__Work request__: Exactly as written, copy the lines of the data below from the first through the one containing "柿柿如意财福大象新中式创意装饰客厅玄关大象摆件一对家居装饰品".

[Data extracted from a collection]
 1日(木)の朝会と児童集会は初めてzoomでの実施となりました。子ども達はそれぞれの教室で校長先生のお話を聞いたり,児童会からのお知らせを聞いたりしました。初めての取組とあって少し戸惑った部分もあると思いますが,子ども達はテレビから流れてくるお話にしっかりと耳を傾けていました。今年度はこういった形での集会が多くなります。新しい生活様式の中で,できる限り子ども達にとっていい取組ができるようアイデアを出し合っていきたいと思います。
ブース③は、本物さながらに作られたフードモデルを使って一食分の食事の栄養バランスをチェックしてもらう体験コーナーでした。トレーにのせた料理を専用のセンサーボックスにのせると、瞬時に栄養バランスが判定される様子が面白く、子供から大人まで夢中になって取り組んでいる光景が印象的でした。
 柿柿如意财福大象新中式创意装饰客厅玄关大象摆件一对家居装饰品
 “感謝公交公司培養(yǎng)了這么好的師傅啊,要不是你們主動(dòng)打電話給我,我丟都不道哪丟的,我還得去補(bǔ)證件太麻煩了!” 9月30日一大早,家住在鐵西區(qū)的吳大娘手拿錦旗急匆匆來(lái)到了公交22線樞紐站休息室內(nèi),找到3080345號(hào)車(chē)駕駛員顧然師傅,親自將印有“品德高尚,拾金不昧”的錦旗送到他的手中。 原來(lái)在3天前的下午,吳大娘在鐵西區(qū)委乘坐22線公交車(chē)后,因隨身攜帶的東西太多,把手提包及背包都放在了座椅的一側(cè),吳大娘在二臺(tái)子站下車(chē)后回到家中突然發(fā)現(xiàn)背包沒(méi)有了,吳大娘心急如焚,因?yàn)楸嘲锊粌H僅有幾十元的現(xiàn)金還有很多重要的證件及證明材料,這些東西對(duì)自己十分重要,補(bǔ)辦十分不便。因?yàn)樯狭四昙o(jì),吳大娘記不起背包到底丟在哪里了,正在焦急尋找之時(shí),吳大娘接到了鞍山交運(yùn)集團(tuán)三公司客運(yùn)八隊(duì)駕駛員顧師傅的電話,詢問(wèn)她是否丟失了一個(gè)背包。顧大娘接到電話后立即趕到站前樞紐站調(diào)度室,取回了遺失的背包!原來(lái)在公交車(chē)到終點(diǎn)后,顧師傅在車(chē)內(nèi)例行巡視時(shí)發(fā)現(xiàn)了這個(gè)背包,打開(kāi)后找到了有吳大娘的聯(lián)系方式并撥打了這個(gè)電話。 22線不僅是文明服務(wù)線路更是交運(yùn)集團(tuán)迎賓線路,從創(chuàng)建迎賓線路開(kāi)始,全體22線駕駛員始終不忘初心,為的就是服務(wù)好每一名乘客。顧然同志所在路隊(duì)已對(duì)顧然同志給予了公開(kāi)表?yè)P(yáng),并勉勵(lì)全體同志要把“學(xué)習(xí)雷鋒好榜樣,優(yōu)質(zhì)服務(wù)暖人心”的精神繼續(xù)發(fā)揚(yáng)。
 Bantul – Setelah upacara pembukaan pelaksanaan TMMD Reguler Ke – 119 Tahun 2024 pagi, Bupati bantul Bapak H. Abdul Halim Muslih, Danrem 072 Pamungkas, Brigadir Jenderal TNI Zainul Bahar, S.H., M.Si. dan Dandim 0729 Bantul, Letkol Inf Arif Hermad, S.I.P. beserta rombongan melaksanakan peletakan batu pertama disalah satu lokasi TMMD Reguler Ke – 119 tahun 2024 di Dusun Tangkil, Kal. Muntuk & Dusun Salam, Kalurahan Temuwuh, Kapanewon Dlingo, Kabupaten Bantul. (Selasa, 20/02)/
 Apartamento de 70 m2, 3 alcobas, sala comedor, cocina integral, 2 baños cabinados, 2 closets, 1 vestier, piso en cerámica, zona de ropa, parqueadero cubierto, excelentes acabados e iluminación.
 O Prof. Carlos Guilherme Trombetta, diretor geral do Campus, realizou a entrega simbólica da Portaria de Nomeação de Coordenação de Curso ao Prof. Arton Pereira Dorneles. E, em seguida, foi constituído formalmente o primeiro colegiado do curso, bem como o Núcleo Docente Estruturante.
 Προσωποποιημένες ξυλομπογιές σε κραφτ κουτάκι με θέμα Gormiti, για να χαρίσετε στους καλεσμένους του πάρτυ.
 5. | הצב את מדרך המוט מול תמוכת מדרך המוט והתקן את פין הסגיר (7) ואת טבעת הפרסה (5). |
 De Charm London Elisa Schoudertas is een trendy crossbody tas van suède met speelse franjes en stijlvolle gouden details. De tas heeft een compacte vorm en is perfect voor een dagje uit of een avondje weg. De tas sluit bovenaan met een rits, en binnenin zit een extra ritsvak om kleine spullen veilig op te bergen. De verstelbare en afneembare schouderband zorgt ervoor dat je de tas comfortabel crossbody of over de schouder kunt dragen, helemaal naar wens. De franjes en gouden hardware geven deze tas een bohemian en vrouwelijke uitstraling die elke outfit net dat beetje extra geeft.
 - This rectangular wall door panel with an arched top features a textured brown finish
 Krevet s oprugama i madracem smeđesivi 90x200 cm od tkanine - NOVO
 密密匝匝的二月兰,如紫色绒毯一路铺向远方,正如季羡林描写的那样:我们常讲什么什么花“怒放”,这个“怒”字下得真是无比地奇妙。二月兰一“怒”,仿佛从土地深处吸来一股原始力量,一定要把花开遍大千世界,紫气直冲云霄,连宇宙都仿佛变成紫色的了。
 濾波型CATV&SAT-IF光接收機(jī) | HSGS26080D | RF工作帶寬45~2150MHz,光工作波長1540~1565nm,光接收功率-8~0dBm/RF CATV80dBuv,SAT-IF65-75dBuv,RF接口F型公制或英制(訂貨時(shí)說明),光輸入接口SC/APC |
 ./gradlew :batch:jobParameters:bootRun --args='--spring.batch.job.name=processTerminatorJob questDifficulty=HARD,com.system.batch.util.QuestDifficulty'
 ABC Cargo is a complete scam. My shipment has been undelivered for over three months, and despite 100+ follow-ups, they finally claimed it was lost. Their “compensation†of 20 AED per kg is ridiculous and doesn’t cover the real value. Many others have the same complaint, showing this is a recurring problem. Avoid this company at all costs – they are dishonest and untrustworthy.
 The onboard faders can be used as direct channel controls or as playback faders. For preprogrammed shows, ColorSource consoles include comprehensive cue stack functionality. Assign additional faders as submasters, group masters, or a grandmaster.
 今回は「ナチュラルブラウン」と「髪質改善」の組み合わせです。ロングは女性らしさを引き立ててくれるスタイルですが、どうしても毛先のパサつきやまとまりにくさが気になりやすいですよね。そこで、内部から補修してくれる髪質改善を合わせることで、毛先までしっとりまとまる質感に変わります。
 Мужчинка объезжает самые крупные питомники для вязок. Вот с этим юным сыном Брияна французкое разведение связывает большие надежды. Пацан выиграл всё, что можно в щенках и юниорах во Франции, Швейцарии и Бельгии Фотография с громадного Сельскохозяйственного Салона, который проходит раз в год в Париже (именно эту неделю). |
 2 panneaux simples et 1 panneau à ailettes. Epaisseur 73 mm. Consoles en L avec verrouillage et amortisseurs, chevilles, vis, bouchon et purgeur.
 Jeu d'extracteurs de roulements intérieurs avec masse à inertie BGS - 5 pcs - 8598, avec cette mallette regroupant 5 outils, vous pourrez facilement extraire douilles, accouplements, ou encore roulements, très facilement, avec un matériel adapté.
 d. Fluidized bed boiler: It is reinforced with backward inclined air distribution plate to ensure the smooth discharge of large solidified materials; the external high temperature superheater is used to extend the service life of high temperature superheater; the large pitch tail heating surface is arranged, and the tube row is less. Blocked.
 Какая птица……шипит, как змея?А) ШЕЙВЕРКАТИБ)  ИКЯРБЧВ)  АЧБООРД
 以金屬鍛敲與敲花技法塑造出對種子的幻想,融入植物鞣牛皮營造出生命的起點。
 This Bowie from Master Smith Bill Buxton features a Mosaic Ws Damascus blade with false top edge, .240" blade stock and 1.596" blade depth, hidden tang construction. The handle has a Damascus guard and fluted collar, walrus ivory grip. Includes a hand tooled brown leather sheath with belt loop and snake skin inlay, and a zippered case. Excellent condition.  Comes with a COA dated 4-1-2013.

__Your solution__:
 1日(木)の朝会と児童集会は初めてzoomでの実施となりました。子ども達はそれぞれの教室で校長先生のお話を聞いたり,児童会からのお知らせを聞いたりしました。初めての取組とあって少し戸惑った部分もあると思いますが,子ども達はテレビから流れてくるお話にしっかりと耳を傾けていました。今年度はこういった形での集会が多くなります。新しい生活様式の中で,できる限り子ども達にとっていい取組ができるようアイデアを出し合っていきたいと思います。
ブース③は、本物さながらに作られたフードモデルを使って一食分の食事の栄養バランスをチェックしてもらう体験コーナーでした。トレーにのせた料理を専用のセンサーボックスにのせると、瞬時に栄養バランスが判定される様子が面白く、子供から大人まで夢中になって取り組んでいる光景が印象的でした。
 柿柿如意财福大象新中式创意装饰客厅玄关大象摆件一对家居装饰品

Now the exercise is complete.